Dans les régions touristiques, comme la mienne, les emplois saisonniers sont irremplaçables pour les entreprises et les collectivités locales. Quelle position faut-il adopter à en matière de taxation des contrats courts ?

M. Bernard Perrut. Si la réduction du chômage et de la précarité constitue un objectif indiscuté, cet accord ne fait pas l’unanimité, loin de la démocratie sociale apaisée souhaitée par le Président de la République. Que pensez-vous des syndicats – CGT et FO – qui y voient l’expression d’une politique sociale à rebours des promesses gouvernementales ou de ceux – comme Solidaires et FSU – qui parlent de régression sociale ?

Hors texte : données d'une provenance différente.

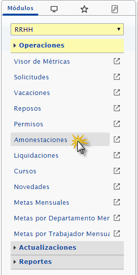 b. En el módulo RRHH, desplegamos el componente Operaciones, activamos el sub componente Amonestaciones.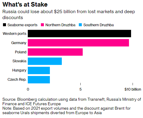 Планируется, что нефтяное эмбарго затронет поставки по морю, а также поставки по нефтепроводу «Дружба» для Германии и Польши. По их подсчетам, морские поставки в Евросоюз приносили россии 9,87 млрд долларов, поставки в Германию 9,66 млрд долларов, и в Польшу 5,23 млрд долларов. Причина таких финансовых потерь в том, что россии придется продавать нефть в Азии намного дешевле, чем ее покупала Европа.
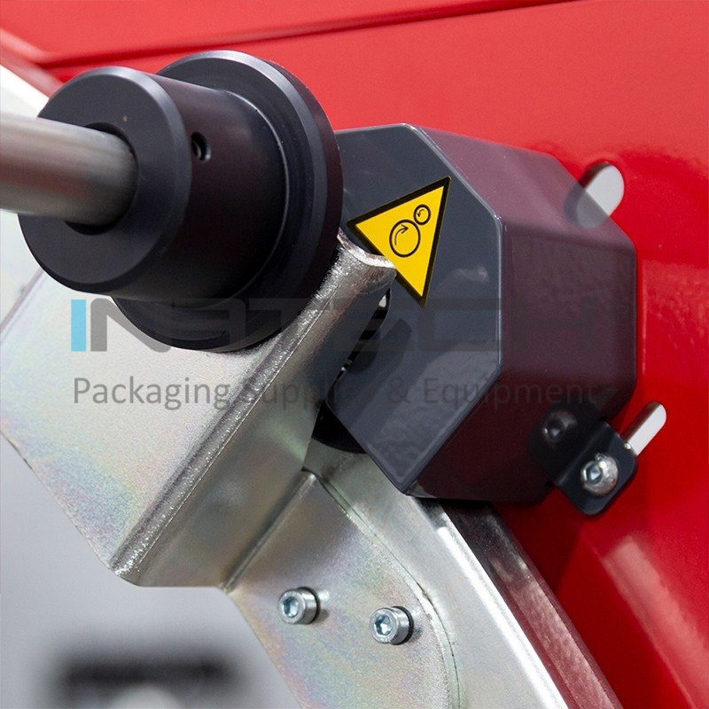 Aceasta masina de ambalare automata este destinata impachetarii coletelor cu dimensiuni circulare (anvelope, tuburi, cablaje etc) datorita rolelor incorporate in masa de lucru.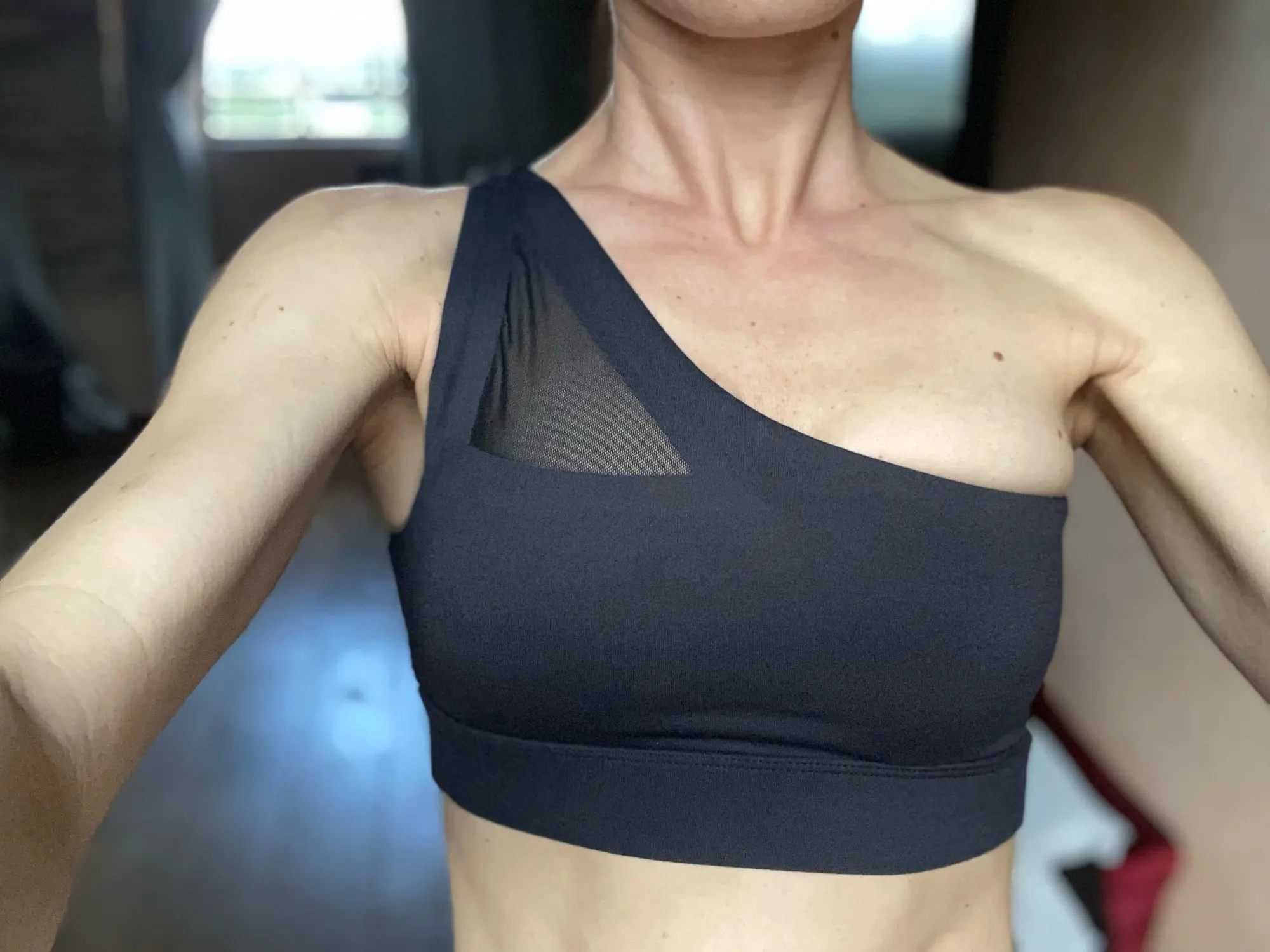 Женский спортивный бюстгальтер с открытым плечом и вырезами на спине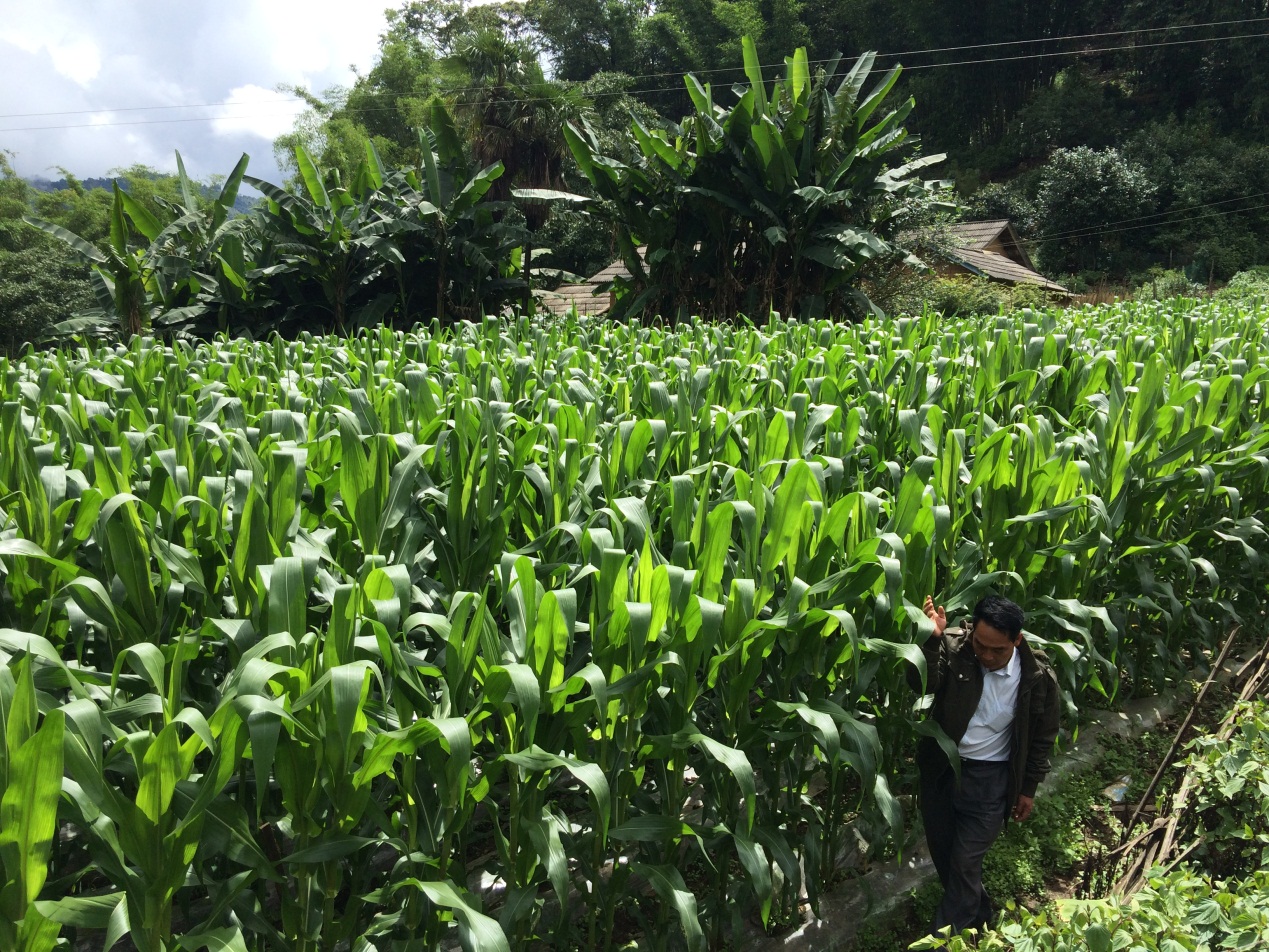 按照技術人員和駐村工作隊的持續關心和指導,經過村民們兩個多月的辛勤勞作, 2016年7月9日,經過駐村工作隊走訪調查,發現由于今年雨水充沛,光照適宜,新品種玉米配合新技術后,各村組玉米均長勢良好,其中新品種禾玉88長勢比紅單10號更勝一籌,二者在植株長勢上,結包結穗上都比以前的品種優秀,很多村民表示,今年豐收的希望很大。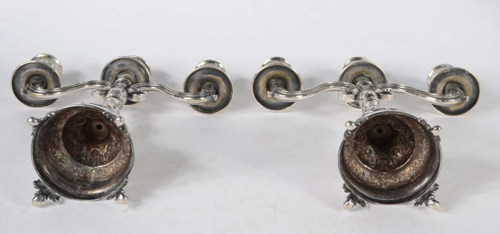 Par de castiçais de prata contraste 833 mls, decorado com concheados cinzelados, pés de garra. Peso da prata: 500 g. ...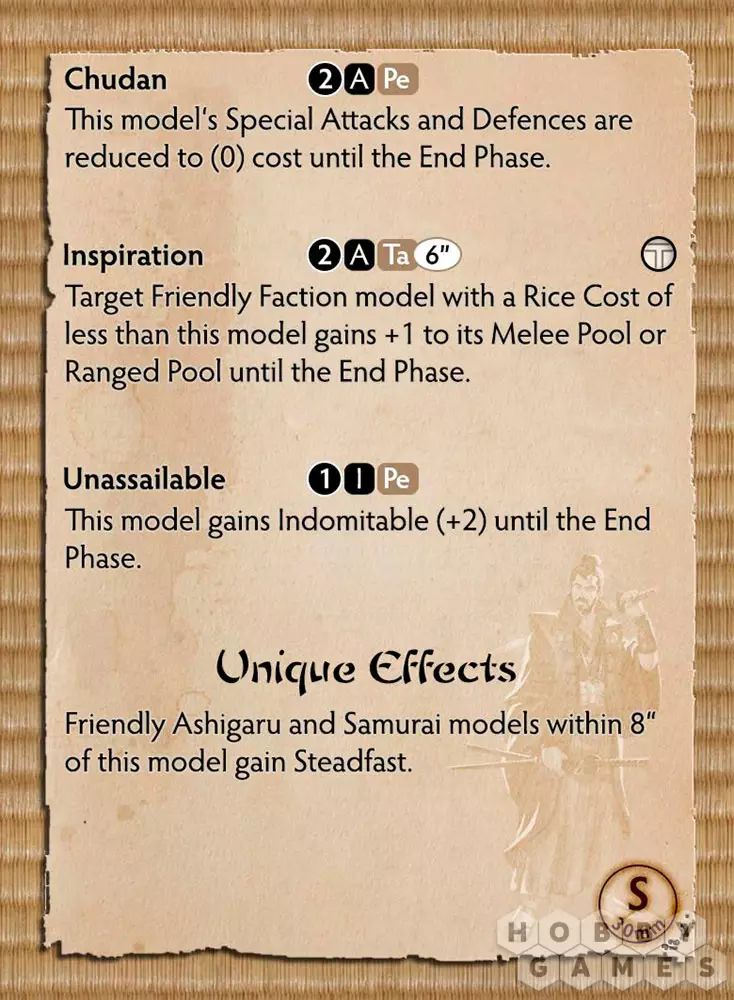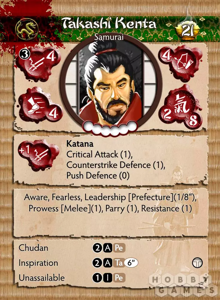 Kenta – настоящий самурай во всех смыслах этого слова. Ещё мальчиком он знал свой путь, по которому затем шёл долгое время, служа своей семье и имени Takashi. Ветеран бесчисленных сражений и кампаний, он – потрясающе ловкий мастер фехтования, и ни один враг не сможет обойти его с фланга. Часто враги по глупости думали, что нанесли смертельный удар, но предки высоко ценят своего потомка и предпочитают его всем остальным. Присутствие Kenta в бою прогоняет всякий страх в войсках, укрепляя сердца воинов и вдохновляя их на победы.
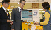 종이 영수증 발행에 따른 자원 낭비와 환경오염을 줄이고자 종이 영수증을 모바일 영수증으로 대체하는 국민 캠페인이 시작된다. 환경부는 신세계그룹 산하 13개 기업을 비롯해 한국기후환경네트워크, 소비자단체 등과 함께 ‘종이 영수증 없는 점포 선포 협약식’을 19일 서울 성동구 이마트 본사에서 열었다. 조경규 환경부 장관(왼쪽)과 이갑수 이마트 대표(가운데) 등 6개 참여 기업 관계자와 김재옥 한국기후환경네트워크 상임대표, 소비자단체 대표 등 300명이 참석했다. 이미지 기자 image@donga.com}
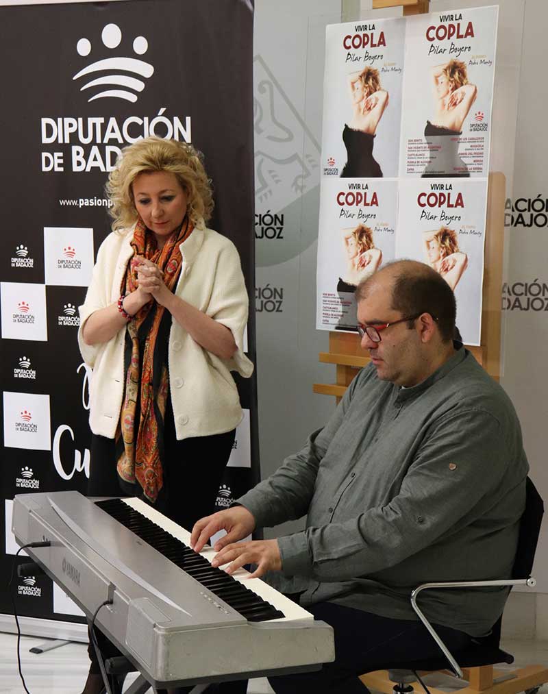 Pilar Boyero, una de las protagonistas de la última edición de los Premios Grada, acompañada al piano por el maestro Pedro Monty, son los protagonistas del programa ‘Vivir la copla’, que hará llegar este género a diez residencias de mayores de diferentes localidades de la provincia, en un proyecto patrocinado por la Diputación de Badajoz.

Certains députés de la majorité souhaitent amender le texte, notamment pour revenir sur la simplification des procédures de licenciement, ou renforcer la taxation des contrats d’intérim ; souhaitez-vous que le texte puisse évoluer ?

Mme Bérengère Poletti. L’accord risque de mettre en difficulté les entreprises et les associations de services à la personne, qui viennent de signer une nouvelle convention collective et qui augmentent leur masse salariale de quelque 5 %. Ces entreprises auront notamment du mal à faire face aux mesures, par ailleurs salutaires, relatives au temps partiel – qui constitue un véritable problème, notamment pour les femmes – et aux contrats collectifs de complémentaire santé.

Tous les députés qui ne cumulent pas plusieurs mandats sont de fait employeurs de personnel à temps partiel – à mi-temps, voire moins encore. Aussi les questions auxquelles nous faisons face doivent-elles également être considérées pour les autres employeurs.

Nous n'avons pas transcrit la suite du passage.